If you are a breeder, send in all the litter mates for a particular breeding, not just the ones that you kept.
As soon as you complete the paperwork for registering a litter, send in that information.
If your dog gets a new title, send in that information. Most of the AKC titles will be done automatically.
If you are sending data to another database, make another copy and send it to the STCA also.
If you have stud books or other breeding records, contact the Pedigree group on lending them. Don’t send them in right away as the may have already been entered.
If you have old catalogues especially from Montgomery, Crufts, etc, contact the Pedigree group on lending that information. Don’t send them in right away as the may have already been entered.

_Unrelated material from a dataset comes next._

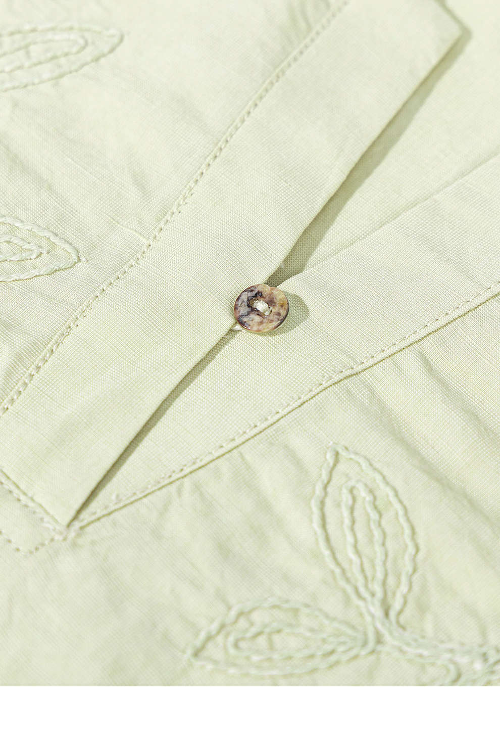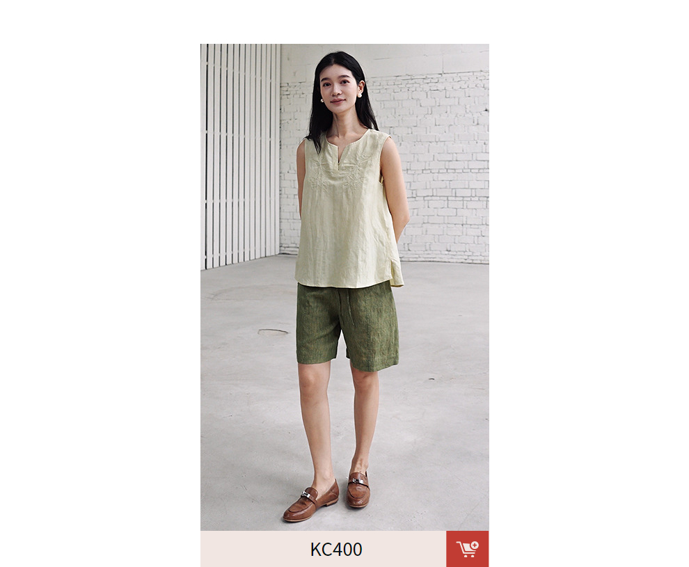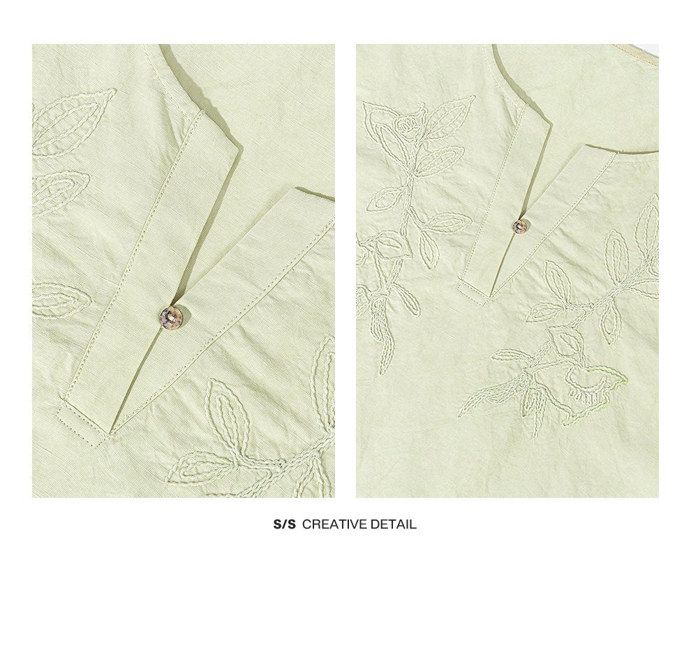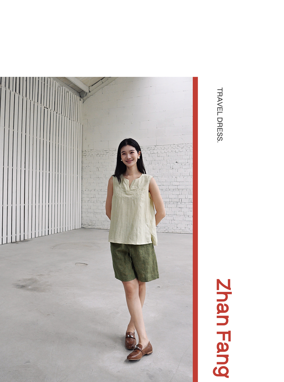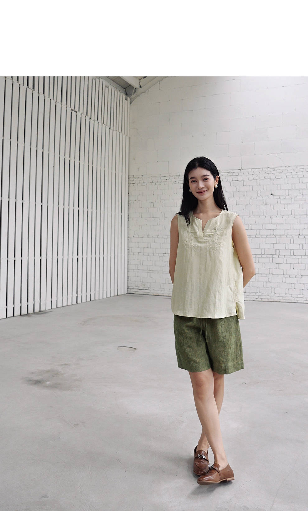 绽放315朵/【多巴胺系列·青柠】亚麻茶花盘带绣V领无袖背心吊带

The Pedigree committee is looking for the following information for each dog:
- Registered name
- Registration number and registration organization eg AKC, CKC, English Kennel Club. Dogs registered in multiple systems should include all their number
- Call name
- Titles – from AKC and other national organizations
- Birth date
- Date of Death
The committee will be posting how you should send in that pedigree. There will be a series of mechanisms for making pedigree contributions.
The Pedigree Committee will work the data as quickly as possible.
Third, contribute your time.
All this data eventually has to get into the physical database that stores this data. Someone has to do this data entry. You can be that someone. If you are willing to commit your time, the Pedigree Committee wants you to help. Contact the STCA Pedigree Committee Chair if you are interested.
You will be trained, provided with the tools to do the work and of course, given the dogs, etc to enter into the database.